The first line is telling it of the process and where the pid file is.

The start and stop commands are telling it how to start and stop the process.

The fourth line is checking reachability on port 8083 using http and if a connection cannot be established it is viewed as failed and to restart the process.

The fifth line is if it restarts and then has to keep restarting as it keeps failing, then timeout. Z-Way won't be restarted a sixth time. This means there is obviously an issue that require intervention on your part.

The sixth line is if the CPU usage is > 80 for five cycles (my cycle is 15 seconds) then restart the process. You can set the CPU usage to whatever you like or feel is appropriate for your setup.

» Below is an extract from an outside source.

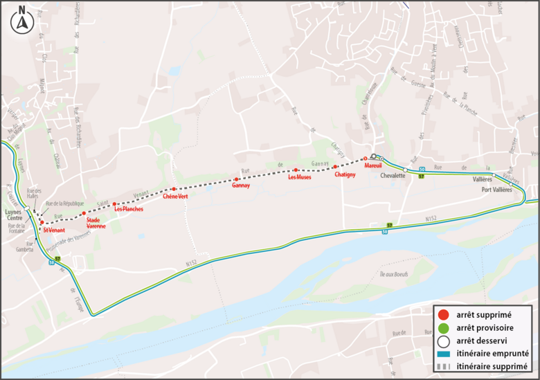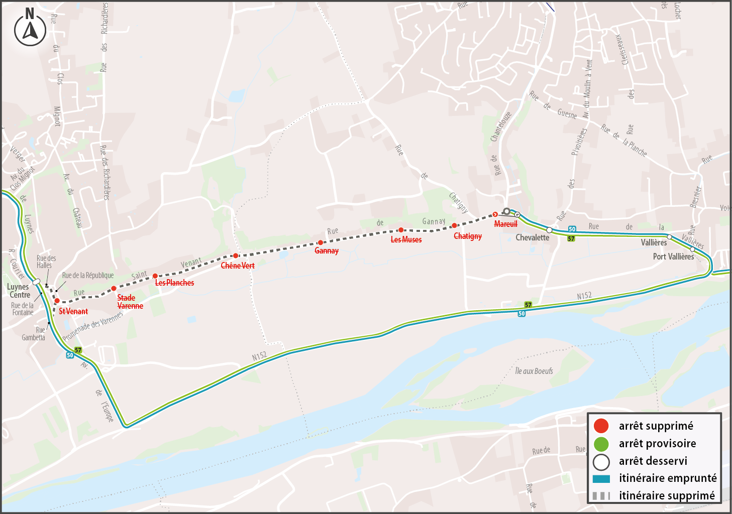Les arrêts St Venant, Stade Varenne, Les Planches, Chêne Vert, Gannay, Les Muses, Chatigny dans les deux sens et Mareuil direction (Bois de Plante / Ursulines uniquement) ne sont pas desservis par les lignes 50 et 57.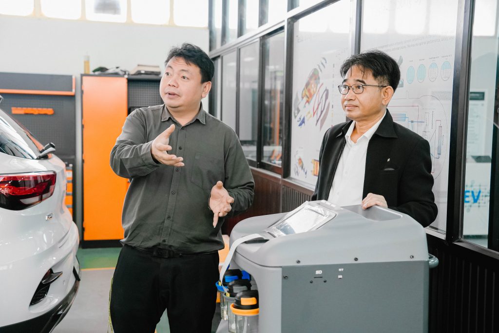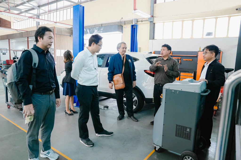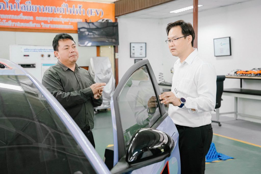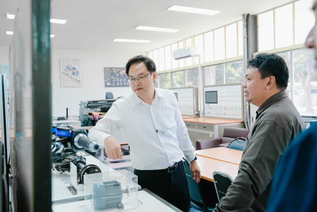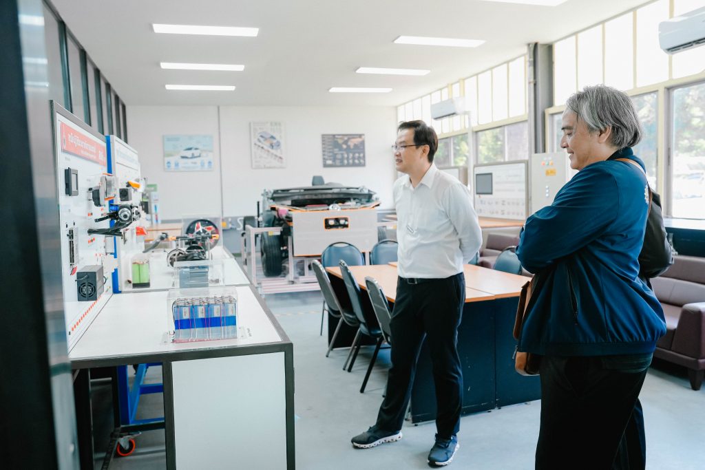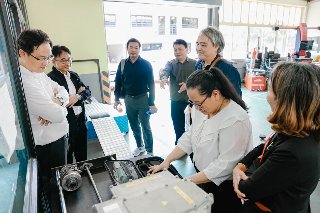 วันพฤหัสบดีที่ 13 พฤศจิกายน พ.ศ. 2568 มหาวิทยาลัยเทคโนโลยีราชมงคลอีสาน วิทยาเขตขอนแก่น โดย ผศ.ประพันธ์ ยาวระ รองอธิการบดีประจำวิทยาเขตขอนแก่น ให้การต้อนรับ รศ.ดร.จักรมาส เลาหวณิช คณบดีคณะวิศวกรรมศาสตร์ มหาวิทยาลัยมหาสารคาม พร้อมด้วย ผศ.ดร.ณัฐพล ภูมิสะอาด รองคณบดีคณะวิศวกรรมศาสตร์ ฝ่ายบริหารและวางแผน และคณาจารย์ ในโอกาสเข้าพบเพื่อเยี่ยมชมศูนย์การเรียนรู้ยานยนต์ไฟฟ้า ณ มหาวิทยาลัยเทคโนโลยีราชมงคลอีสาน วิทยาเขตขอนแก่น โดยมี อาจารย์สมพร คำไชย หัวหน้าสาขาวิชาครุศาสตร์อุตสาหกรรมเครื่องกล พร้อมด้วยอาจารย์เกษมสันต์ บุษบงก์ และคณาจารย์ประจำสาขาฯ ร่วมให้การต้อนรับพร้อมนำเยี่ยมชม และให้คำแนะนำอุปกรณ์ที่เกี่ยวข้องในการเรียนการสอน ให้คำปรึกษาด้านรายวิชาที่เกี่ยวข้องกับสาขาวิศวกรรมยานยนต์ไฟฟ้า การเรียนรู้จากใบงาน การวัดผล การจัดทำโครงงานฯ ของนักศึกษา ทั้งนี้ มทร.อีสาน สถาบันการศึกษาชั้นนำ มีความพร้อมด้านการเรียนการสอนในสาขายานยนต์ไฟฟ้า ยานยนต์สมัยใหม่ มีหลักสูตรที่ทันสมัย มีงานวิจัยที่ทรงคุณค่า พร้อมให้บริการวิชาการและยินดีร่วมบูรณาการกับทุกสถาบันการศึกษาเพื่อการพัฒนาประเทศอย่างยั่งยืน

The seventh line is for memory. 800.0 MB is a lot of memory and Z-Way doesn't use anywhere close to that which is why I also used that value, it would be well outside the norm and clearly an indication of something gone awry. If you have a Pi with 512MB of RAM, that would not be a valid configuration setting since it could never be reached. My Pi's have 8GB of RAM, so that amount of memory use could be achieved. So this setting should fit what your system has and where your z-way process currently uses for memory usage.

The eighth line would be where a bunch of children processes have been spawned. This probably is not used but in case Z-Way does start to spawn child processes if it gets out of hand, it will eventually get restarted.

That monit configuration file is in the conf-available and not the conf-enabled. This is done for a reason. Use this command link the file from available to enabled.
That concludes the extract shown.